The authors tackled the problem of transferring knowledge between neural networks of different modalities by proposing a transfer deep learning framework that uses analogy-preserving embeddings for semantics-level transfer, applied to audio-visual recognition tasks.
We propose a transfer deep learning (TDL) framework that can transfer the knowledge obtained from a single-modal neural network to a network with a different modality. Specifically, we show that we can leverage speech data to fine-tune the network trained for video recognition, given an initial set of audio-video parallel dataset within the same semantics. Our approach first learns the analogy-preserving embeddings between the abstract representations learned from intermediate layers of each network, allowing for semantics-level transfer between the source and target modalities.
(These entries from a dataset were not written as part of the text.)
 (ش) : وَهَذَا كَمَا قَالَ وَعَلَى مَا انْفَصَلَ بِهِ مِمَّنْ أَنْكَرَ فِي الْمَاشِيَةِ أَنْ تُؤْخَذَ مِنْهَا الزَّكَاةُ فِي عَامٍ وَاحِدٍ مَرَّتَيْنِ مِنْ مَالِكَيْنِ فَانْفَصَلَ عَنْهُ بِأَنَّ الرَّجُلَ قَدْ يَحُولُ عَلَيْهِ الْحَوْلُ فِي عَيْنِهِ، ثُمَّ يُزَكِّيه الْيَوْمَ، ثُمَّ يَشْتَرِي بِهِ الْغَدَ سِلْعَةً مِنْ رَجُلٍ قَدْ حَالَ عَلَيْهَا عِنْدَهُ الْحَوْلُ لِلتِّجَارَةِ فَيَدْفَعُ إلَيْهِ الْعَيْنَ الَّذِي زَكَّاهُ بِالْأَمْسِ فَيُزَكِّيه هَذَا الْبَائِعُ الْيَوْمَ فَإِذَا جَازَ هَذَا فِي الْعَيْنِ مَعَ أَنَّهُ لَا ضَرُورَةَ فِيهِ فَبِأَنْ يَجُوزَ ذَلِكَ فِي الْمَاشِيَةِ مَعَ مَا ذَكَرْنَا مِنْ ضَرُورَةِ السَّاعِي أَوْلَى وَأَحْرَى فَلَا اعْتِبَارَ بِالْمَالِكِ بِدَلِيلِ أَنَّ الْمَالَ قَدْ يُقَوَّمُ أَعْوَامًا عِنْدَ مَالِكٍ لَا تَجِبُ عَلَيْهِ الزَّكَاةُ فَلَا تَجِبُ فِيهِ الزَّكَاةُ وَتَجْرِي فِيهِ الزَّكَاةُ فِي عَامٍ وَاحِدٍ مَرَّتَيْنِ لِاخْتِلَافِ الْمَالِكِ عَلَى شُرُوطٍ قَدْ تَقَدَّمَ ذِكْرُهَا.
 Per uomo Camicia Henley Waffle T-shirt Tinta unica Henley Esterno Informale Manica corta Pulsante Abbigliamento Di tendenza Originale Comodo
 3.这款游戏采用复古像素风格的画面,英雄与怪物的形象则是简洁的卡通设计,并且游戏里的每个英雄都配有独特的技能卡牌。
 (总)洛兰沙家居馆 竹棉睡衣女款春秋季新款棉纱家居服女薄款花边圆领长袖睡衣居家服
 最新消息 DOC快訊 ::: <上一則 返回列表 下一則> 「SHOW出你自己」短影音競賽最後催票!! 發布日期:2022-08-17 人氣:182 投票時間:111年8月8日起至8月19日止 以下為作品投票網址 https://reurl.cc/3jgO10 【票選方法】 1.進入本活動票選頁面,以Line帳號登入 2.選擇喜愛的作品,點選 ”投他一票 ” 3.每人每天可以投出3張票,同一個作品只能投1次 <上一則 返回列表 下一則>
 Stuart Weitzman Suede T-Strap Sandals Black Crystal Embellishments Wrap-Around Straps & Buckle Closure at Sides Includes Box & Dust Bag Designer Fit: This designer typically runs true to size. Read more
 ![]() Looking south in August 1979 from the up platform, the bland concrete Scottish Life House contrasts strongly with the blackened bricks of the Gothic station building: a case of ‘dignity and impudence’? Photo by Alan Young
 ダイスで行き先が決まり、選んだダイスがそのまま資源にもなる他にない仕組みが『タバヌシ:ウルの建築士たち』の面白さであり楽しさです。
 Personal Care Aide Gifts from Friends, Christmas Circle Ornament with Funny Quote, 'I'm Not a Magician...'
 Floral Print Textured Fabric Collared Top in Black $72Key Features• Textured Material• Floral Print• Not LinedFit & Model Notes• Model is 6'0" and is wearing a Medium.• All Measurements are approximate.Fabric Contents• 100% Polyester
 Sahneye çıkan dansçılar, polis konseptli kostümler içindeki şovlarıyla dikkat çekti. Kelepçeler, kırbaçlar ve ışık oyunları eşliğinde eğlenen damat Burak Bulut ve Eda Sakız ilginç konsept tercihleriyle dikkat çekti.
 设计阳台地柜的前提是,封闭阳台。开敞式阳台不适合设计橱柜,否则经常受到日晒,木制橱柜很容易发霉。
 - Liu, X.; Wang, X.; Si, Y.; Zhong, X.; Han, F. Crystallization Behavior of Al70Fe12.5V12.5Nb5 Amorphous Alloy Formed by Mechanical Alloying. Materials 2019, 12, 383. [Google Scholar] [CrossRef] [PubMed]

We then apply our neural network operation that fine-tunes the target network with the additional knowledge transferred from the source network, while keeping the topology of the target network unchanged. While we present an audio-visual recognition task as an application of our approach, our framework is flexible and thus can work with any multimodal dataset, or with any already-existing deep networks that share the common underlying semantics. In this work in progress report, we aim to provide comprehensive results of different configurations of the proposed approach on two widely used audio-visual datasets, and we discuss potential applications of the proposed approach.